April is financial literacy month, which means consumers will be barraged with articles and programs designed to promote personal finance education. While this typically includes learning how to budget, manage credit cards, pay down loans, and plan for retirement, this month should also be a time for consumers to focus on policy issues that could prevent homeownership.
Many consumers desire to purchase a home. As part of the home-buying process, consumers should expect their credit scores to be pulled. Credit scores determine a loan offer, down payment requirements and interest rates.
What some consumers may not know is that mortgage lenders often sell mortgages to provide liquidity and free up capital, thereby expanding access to loans. Fannie Mae and Freddie Mac (the Enterprises) purchase many of these mortgages, holding 57 percent of the mortgage market. The Enterprises have rules the mortgage lender must follow before they purchase a mortgage. One of these requirements is to pull a Tri-Merge Credit Report as part of risk determination.
The tri-merge model is essential for two reasons: it offers a comprehensive review of a mortgage applicant’s credit risk and it supports greater access to mortgages for those who qualify.
The tri-merge report pulls three credit scores from the three credit bureaus, TransUnion, Equifax and Experian. The scores from the bureaus may be different because they do not receive the same information. Lenders and creditors do not provide the same information to every bureau, so each bureau receives different information to evaluate and score. Of the three scores pulled, the middle score is chosen for risk determination.

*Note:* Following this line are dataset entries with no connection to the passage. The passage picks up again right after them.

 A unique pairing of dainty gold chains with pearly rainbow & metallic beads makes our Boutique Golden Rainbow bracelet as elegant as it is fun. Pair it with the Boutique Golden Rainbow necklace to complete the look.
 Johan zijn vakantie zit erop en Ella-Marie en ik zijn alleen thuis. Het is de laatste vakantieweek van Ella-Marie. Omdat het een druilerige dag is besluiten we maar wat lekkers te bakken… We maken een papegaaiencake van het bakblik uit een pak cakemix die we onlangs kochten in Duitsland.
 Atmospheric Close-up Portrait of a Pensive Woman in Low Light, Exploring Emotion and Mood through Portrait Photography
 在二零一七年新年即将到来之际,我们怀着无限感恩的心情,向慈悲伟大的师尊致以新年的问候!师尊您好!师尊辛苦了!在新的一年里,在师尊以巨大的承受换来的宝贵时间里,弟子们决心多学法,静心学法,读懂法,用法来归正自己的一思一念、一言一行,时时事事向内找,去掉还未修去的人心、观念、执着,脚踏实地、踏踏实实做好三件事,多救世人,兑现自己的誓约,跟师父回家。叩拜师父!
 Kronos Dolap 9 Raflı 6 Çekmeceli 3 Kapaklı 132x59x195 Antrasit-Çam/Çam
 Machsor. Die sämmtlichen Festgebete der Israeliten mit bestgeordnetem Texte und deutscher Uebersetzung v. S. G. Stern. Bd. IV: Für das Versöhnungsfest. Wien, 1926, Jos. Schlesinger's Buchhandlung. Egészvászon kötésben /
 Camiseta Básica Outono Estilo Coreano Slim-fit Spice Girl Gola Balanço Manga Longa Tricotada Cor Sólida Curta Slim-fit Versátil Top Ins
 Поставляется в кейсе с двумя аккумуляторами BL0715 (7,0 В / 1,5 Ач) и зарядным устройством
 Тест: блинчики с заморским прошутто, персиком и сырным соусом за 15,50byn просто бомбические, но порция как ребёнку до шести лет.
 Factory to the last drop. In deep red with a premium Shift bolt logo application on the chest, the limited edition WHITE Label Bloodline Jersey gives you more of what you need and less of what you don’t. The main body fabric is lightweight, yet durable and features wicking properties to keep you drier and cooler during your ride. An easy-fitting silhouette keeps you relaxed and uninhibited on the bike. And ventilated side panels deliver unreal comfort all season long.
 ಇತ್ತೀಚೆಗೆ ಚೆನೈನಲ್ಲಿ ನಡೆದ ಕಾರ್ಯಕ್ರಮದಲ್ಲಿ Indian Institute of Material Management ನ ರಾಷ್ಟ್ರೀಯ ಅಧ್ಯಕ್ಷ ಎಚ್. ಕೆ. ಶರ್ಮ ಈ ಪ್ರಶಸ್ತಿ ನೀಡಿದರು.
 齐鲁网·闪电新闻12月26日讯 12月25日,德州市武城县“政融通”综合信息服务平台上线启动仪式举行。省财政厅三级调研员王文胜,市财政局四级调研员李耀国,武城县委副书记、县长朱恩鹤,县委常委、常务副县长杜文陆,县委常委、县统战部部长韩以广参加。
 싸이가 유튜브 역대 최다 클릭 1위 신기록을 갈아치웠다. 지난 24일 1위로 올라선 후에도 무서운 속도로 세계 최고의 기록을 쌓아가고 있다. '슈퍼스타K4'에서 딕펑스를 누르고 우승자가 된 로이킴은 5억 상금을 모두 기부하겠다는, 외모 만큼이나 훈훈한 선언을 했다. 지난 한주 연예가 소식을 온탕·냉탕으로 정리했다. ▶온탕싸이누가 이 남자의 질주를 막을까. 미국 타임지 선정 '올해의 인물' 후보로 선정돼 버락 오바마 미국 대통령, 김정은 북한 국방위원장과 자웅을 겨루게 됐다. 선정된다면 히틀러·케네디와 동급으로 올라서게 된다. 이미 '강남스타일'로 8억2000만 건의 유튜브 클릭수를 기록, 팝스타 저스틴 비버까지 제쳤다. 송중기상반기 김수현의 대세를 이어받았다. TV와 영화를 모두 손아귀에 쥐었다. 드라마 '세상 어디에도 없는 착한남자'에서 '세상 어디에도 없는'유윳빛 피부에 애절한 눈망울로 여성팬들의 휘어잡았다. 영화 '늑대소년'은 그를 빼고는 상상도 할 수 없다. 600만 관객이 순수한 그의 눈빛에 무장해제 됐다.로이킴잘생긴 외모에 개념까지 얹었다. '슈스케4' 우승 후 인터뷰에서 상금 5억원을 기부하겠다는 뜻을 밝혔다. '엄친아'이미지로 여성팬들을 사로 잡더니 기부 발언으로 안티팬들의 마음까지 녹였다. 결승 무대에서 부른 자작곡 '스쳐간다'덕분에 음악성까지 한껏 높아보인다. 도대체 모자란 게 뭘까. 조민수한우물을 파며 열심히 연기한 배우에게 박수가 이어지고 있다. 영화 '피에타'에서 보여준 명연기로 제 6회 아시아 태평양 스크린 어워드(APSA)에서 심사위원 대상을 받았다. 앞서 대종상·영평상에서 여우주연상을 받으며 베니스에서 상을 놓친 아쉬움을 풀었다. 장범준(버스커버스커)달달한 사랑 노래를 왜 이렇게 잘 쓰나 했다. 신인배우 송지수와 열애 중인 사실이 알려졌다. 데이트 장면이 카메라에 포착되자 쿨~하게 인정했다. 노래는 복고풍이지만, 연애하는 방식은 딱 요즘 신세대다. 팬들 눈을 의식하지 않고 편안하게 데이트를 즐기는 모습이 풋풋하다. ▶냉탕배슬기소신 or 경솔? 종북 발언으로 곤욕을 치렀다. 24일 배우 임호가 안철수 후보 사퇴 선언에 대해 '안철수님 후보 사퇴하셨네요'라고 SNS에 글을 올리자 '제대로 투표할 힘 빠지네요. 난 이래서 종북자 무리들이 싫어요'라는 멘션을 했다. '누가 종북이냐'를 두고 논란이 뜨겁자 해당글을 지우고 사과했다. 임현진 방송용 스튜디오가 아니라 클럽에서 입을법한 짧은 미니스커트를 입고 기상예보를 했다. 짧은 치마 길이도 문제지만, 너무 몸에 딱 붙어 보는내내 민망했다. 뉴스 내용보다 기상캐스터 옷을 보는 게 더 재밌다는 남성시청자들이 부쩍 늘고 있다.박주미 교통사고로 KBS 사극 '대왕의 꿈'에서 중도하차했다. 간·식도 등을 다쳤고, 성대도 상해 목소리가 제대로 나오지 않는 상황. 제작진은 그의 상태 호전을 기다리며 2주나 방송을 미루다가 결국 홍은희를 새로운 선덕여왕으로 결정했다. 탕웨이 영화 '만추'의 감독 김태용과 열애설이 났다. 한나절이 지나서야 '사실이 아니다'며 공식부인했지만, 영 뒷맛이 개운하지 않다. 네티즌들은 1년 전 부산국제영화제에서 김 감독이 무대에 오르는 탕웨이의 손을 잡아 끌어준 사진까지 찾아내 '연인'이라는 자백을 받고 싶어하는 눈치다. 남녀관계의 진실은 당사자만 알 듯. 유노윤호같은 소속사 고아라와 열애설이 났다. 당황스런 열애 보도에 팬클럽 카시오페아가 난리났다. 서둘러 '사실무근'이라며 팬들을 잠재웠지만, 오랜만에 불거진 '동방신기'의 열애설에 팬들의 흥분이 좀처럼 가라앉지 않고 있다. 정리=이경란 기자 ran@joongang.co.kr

However, in 2022, the Federal Housing Finance Agency, the agency that supervises the Enterprises, thought that allowing the option of a two-score report would create competition in the credit market. If only two scores are pulled from two bureaus, known as a bi-merge report, then the bureaus would theoretically compete for accuracy. This places the consumer at a disadvantage.
S&P Global found that consumers with lower credit scores tend to have the largest score differentials. Their report shows there is a 38- to 47-point difference in credit scores between 575 and 675.
To simulate the results of moving from a tri-merge model to a bi-merge model, TransUnion randomly dropped one score, finding that 1.9 million people were no longer eligible for a mortgage. It most significantly affected consumers with scores between 620 and 699.
Consumers who may be at the threshold of qualifying for a loan would be harmed by a bi-merge report. They would be further excluded from an already challenging homeownership market.
Ironically, the primary challenge in the credit market today is the lack of information available. Credit-invisible and credit-thin consumers lack sufficient information in their credit history, either because it is outdated or limited. This prevents access to credit. However, rather than addressing this problem, moving to a bi-merge would further limit the information used to evaluate risk.
This disconnect highlights the importance of financial literacy — particularly in understanding how credit reporting policies directly shape access to homeownership and financial opportunity.
Financial literacy month is a great time to manage personal budgets, plan for retirement, and learn more about financial policy issues, such as those that affect homeownership. Understanding policies like the Tri-Merge Credit Reporting Model are essential for everyone. They should be discussed as part of financial literacy so consumers can assess how the system may prevent them from owning a home.